:: DATA RECORDS ::
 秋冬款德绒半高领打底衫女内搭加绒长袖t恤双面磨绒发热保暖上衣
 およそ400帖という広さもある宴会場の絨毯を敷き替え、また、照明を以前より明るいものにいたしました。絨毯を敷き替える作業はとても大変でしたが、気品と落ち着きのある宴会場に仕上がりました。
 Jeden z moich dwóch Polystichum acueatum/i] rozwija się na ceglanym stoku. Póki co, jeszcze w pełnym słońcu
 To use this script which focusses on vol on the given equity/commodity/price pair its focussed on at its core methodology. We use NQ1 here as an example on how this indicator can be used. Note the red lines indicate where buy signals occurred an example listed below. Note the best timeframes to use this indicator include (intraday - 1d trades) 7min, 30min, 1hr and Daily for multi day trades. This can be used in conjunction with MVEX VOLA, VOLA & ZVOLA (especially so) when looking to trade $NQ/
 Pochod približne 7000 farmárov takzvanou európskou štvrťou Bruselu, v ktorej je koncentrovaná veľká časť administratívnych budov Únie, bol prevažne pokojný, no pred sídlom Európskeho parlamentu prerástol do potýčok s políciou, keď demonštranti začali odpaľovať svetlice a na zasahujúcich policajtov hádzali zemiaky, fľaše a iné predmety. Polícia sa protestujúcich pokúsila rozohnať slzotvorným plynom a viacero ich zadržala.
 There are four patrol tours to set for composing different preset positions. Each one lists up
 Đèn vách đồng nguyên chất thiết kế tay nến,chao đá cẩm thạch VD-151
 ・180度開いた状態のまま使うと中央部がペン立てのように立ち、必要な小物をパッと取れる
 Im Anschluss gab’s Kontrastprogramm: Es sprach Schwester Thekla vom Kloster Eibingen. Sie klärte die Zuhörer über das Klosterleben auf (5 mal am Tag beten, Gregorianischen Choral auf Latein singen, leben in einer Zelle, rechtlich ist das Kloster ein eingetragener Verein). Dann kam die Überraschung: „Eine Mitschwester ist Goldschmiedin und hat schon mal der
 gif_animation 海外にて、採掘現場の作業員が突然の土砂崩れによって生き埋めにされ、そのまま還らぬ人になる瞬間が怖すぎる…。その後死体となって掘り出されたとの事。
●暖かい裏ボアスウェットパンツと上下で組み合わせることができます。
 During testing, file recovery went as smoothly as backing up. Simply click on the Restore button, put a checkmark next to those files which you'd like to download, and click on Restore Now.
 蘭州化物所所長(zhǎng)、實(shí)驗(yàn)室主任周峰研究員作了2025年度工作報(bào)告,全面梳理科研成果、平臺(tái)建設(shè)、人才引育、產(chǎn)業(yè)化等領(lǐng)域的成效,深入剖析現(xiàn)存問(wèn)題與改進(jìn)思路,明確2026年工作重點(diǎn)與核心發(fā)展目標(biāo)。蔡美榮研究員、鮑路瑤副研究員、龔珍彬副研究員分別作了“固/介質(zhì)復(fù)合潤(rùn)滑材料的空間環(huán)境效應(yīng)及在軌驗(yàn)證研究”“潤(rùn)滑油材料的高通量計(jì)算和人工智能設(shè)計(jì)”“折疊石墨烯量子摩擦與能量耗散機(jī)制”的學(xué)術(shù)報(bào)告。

:: WHAT THE TASK ASKS ::
Restate word for word the lines above, beginning at the first one and ending at the line that carries "Jeden z moich".

:: EXERCISE OUTPUT ::
 秋冬款德绒半高领打底衫女内搭加绒长袖t恤双面磨绒发热保暖上衣
 およそ400帖という広さもある宴会場の絨毯を敷き替え、また、照明を以前より明るいものにいたしました。絨毯を敷き替える作業はとても大変でしたが、気品と落ち着きのある宴会場に仕上がりました。
 Jeden z moich dwóch Polystichum acueatum/i] rozwija się na ceglanym stoku. Póki co, jeszcze w pełnym słońcu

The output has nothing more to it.